> [Exercise]
Return all the data below as it stands, minus the pictures.

___ Material provided ___

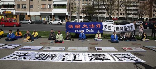 ![]() 图1:德国北部地区法轮功学员连续抗议十八小时,纪念十八年前的四二五和平上访 |
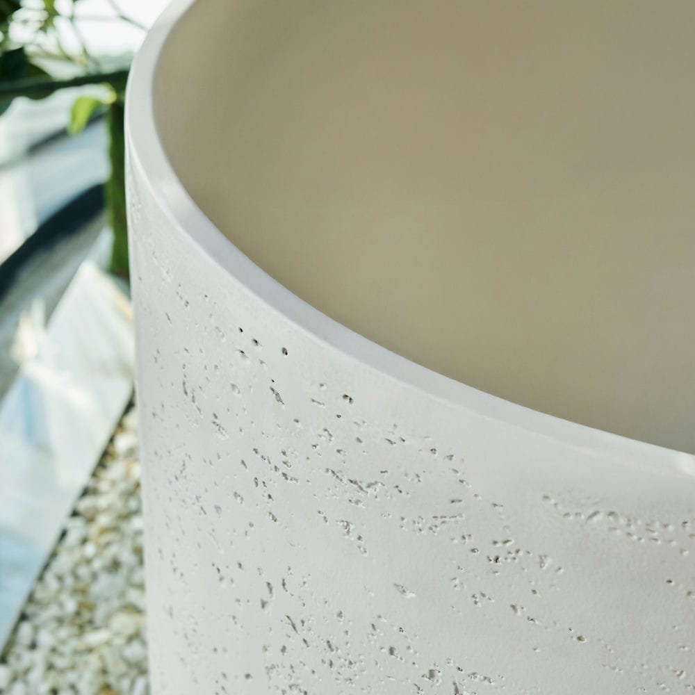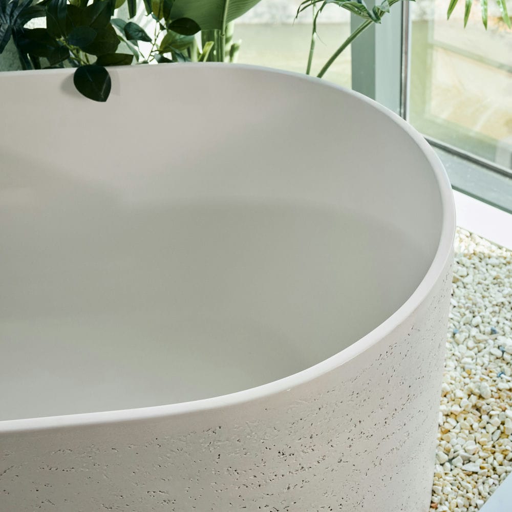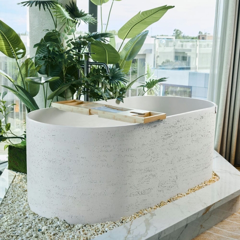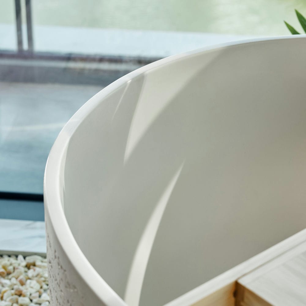 Rivius Saren được chế tác từ Solid Surface – một vật liệu đá nhân tạo cao cấp với bề mặt nhẵn mịn, bền bỉ và khả năng giữ nhiệt tuyệt vời. Lớp hoàn thiện matte trắng tinh khiết không chỉ mang lại vẻ đẹp thanh thoát mà còn giúp dễ dàng vệ sinh và chống bám bẩn, trầy xước theo thời gian.
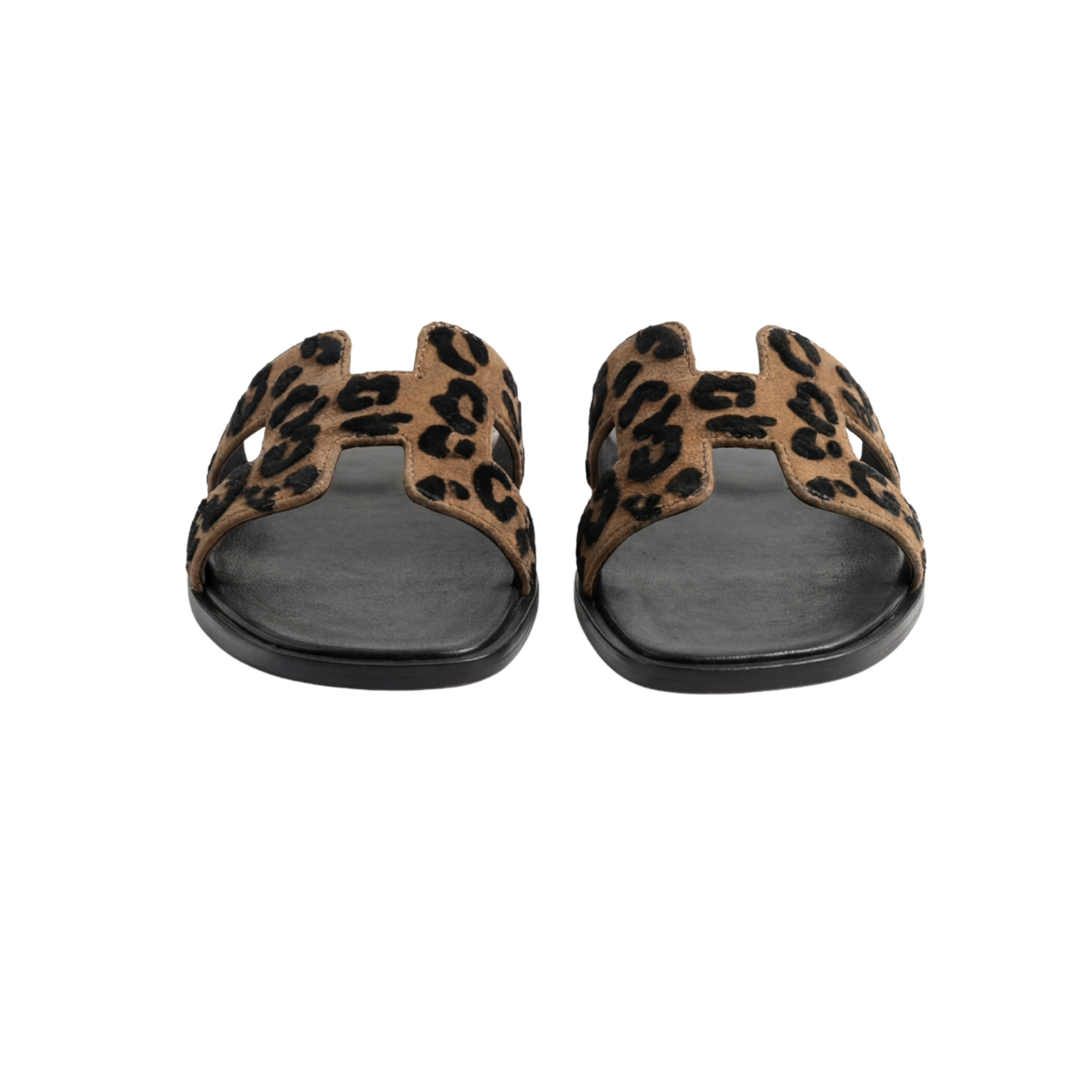 Make a bold statement with the Brian Bailey Leopard Print Slides, a perfect fusion of wild pattern and refined design. These sandals feature the signature “H” strap silhouette rendered in a soft, textured leopard print that adds an instant pop of personality to any outfit. Grounded by a sleek, all-black contoured footbed, these slides offer a modern, sophisticated edge to a classic animal print.
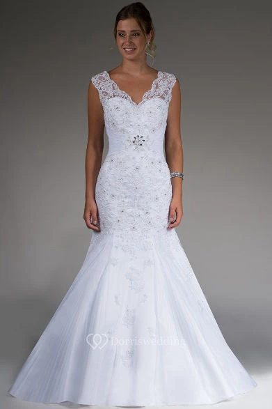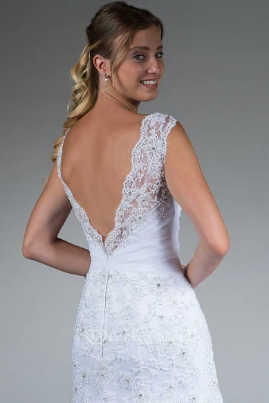 Scalloped V Neck V Back Mermaid Bridal Gown With Lace And Crystal

___

> [Result for this exercise]
 ![]() 图1:德国北部地区法轮功学员连续抗议十八小时,纪念十八年前的四二五和平上访 |
 Rivius Saren được chế tác từ Solid Surface – một vật liệu đá nhân tạo cao cấp với bề mặt nhẵn mịn, bền bỉ và khả năng giữ nhiệt tuyệt vời. Lớp hoàn thiện matte trắng tinh khiết không chỉ mang lại vẻ đẹp thanh thoát mà còn giúp dễ dàng vệ sinh và chống bám bẩn, trầy xước theo thời gian.
 Make a bold statement with the Brian Bailey Leopard Print Slides, a perfect fusion of wild pattern and refined design. These sandals feature the signature “H” strap silhouette rendered in a soft, textured leopard print that adds an instant pop of personality to any outfit. Grounded by a sleek, all-black contoured footbed, these slides offer a modern, sophisticated edge to a classic animal print.
 Scalloped V Neck V Back Mermaid Bridal Gown With Lace And Crystal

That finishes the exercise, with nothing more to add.